5.2. Hardware Architecture of the Platform

This chapter describes the targeted reference design (TRD) hardware architecture. The following figure shows a block diagram of the design components inside the Versal ACAP on the VCK190 board. See VCK190 Evaluation Board User Guide (UG1366) for more information.

Hardware Block Diagram

At a high level, the design comprises three pipelines:

Capture/input pipeline:

  • USB capture pipeline (PS)

  • MIPI CSI-2 Rx capture pipeline (FMC + PL)

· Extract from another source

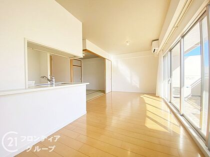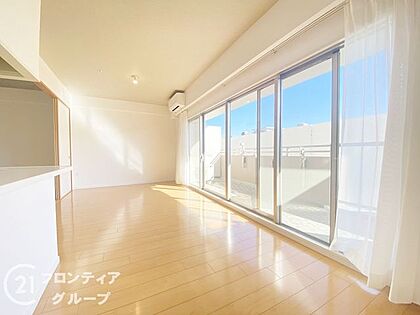 バルコニーに面した広々とした窓のあるリビングです。日中はお部屋全体に明るい光が差し込みます。

  • Video Input (file read) from x86 host via PCIe

Processing Pipeline:

  • Video processing accelerator funtions

Display/Output Pipeline:

  • HDMI TX display pipeline

  • Video Output via PCIe to host (Host)

The block diagram comprises of two parts: platform and accelerators.

Platform:

The platform consists of I/O interfaces and their data motion network. This is the fixed part of the design. The platform consists of Single sensor MIPI CSI-2 Rx (capture), USB-UVC (capture), and HDMI Tx (display).

Accelerators:

This is a block which can perform different video processing functions from Computer Vision or Machine learning. This is the variable part of the design. The accelerator and corresponding data/control interfaces (AXI-MM, AXI-Lite, interrupts) are generated by the Vitis tool and is integrated into the platform.

5.2.1. Capture Pipeline

5.2.1.1. Single Sensor MIPI Capture

A capture pipeline receives frames from an external source and writes it into memory. The single sensor MIPI CSI-2 receiver capture pipeline is shown in the following figure.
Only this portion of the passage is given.